1. Formal Definitions

1.1 Coloured Petri Net

A Coloured Petri Net (CPN) is the standard 9-tuple:

\[CPN = (\Sigma, P, T, A, N, C, G, E, I)\]

Element	Description
\(\Sigma\)	Colour sets. The data types carried by tokens: \(\text{VEC} = \mathbb{R}^d\) (feature vectors), \(\text{LABEL}\) (finite set of class labels), \(\text{PROB} = [0,1]^{\|C\|}\) (probability vectors, used by RF), \(\text{SCORE} = \mathbb{R}\) (real-valued scores, used by GBDT), and \(\text{STAGE} = \{1, 2, \dots, K{+}1\} \subset \mathbb{N}\) (stage counter, used by GBDT to enforce sequential accumulation).
\(P\)	Places. The set of places within the net.
\(T\)	Transitions. The set of transitions within the net.
\(A\)	Arcs. Directed connections between places and transitions.
\(N\)	Node function. Maps each arc to its source and destination nodes, defining the net topology.
\(C\)	Colour function. Assigns colour sets to places (e.g. \(C(P_{in}) = \text{VEC}\), \(C(P_{out}) = \text{LABEL}\)).
\(G\)	Guards. Boolean expressions on transitions: \(G(t_i) = \bigwedge_{j \in C_i} (x_{feat} \text{ op } \theta_j)\).
\(E\)	Arc expressions. Define how tokens flow. Input arcs: \(E(P_{in} \to t_i) = x\). Output arcs: \(E(t_i \to P_{out}) = v_i\).
\(I\)	Initialization. The initial marking of the net’s places.

1.2 CPN Module

A CPN module extends a flat CPN with an interface for hierarchical composition:

\[CPN\_module = (CPN, T_{sub}, P_{port}, PT)\]

where:

Element	Description
\(CPN\)	A non-hierarchical Coloured Petri Net \(CPN = (\Sigma, P, T, A, N, C, G, E, I)\) as defined in Section 1.1.
\(T_{sub} \subseteq T\)	Substitution transitions. A subset of transitions that are placeholders for entire sub-modules. When a substitution transition is “refined”, it is replaced by the internal net of the referenced sub-module.
\(P_{port} \subseteq P\)	Port places. A subset of places that serve as the module’s interface with its parent. Tokens cross module boundaries exclusively through port places.
\(PT : P_{port} \to \{In, Out, In/Out\}\)	Port-type function. Assigns a direction to each port place: In (tokens flow into the module), Out (tokens flow out), or In/Out (bidirectional).

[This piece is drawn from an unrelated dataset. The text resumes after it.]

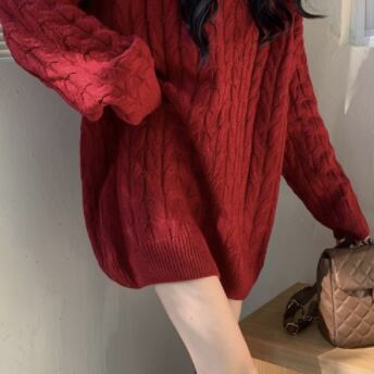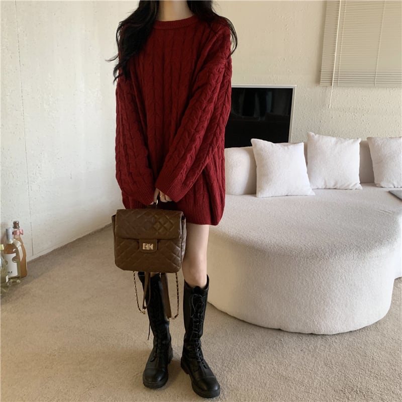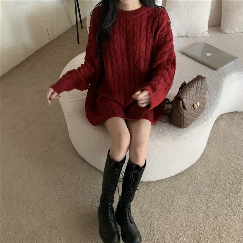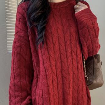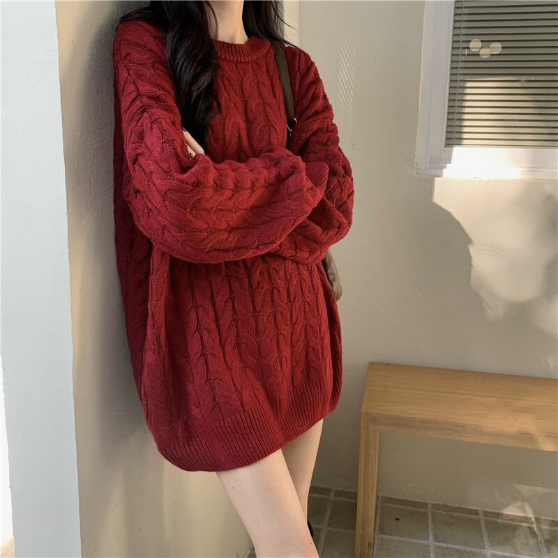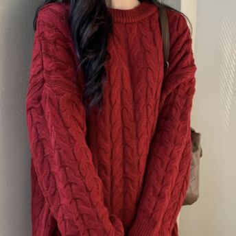 オーバーサイズ 縄編み 模様編み トップス アウター セーター プルオーバー チュニック ミディアム丈 長袖 ドロップショルダー 萌袖 クルーネック ケーブルニット ニット かわいい 大人可愛い きれいめ シンプル カジュアル 上品 おしゃれ こなれ感 春 秋 冬 2021 レディース 女性用 ママ 女の子 通勤 学生 通学 デート お出かけ 休日 着回し 普段使い 韓国系 オルチャン コーデ スタイル 楽ちん モテ 体系カバー 新作 フリーサイズ 大きめ ゆったり ゆる サイズ レッド 好感度

1.3 Hierarchical Coloured Petri Net

An HCPN composes multiple CPN modules into a hierarchical structure:

\[HCPN = (S, SM, PS, FS)\]

where:

Element	Description
\(S\)	Modules. A finite set of CPN modules. Each module is a self-contained net with its own places, transitions, and port interface.
\(SM : T_{sub} \to S\)	Submodule function. Maps each substitution transition (across all modules) to the module it represents. The resulting module hierarchy must be acyclic (i.e. it forms a directed acyclic graph of module references).
\(PS\)	Port-socket relation. For each substitution transition \(t \in T_{sub}\) and each port place \(p\) of \(SM(t)\), \(PS\) assigns a socket place \(p'\) in the parent module such that \(C(p) = C(p')\). Sockets are the “attachment points” through which the parent communicates with the sub-module.
\(FS \subseteq 2^P\)	Fusion sets. Each element of \(FS\) is a nonempty set of places (possibly from different modules) that are identified as a single logical place. All places in a fusion set share the same colour set and marking at all times. This allows multiple modules to share a common place without explicit arcs between them.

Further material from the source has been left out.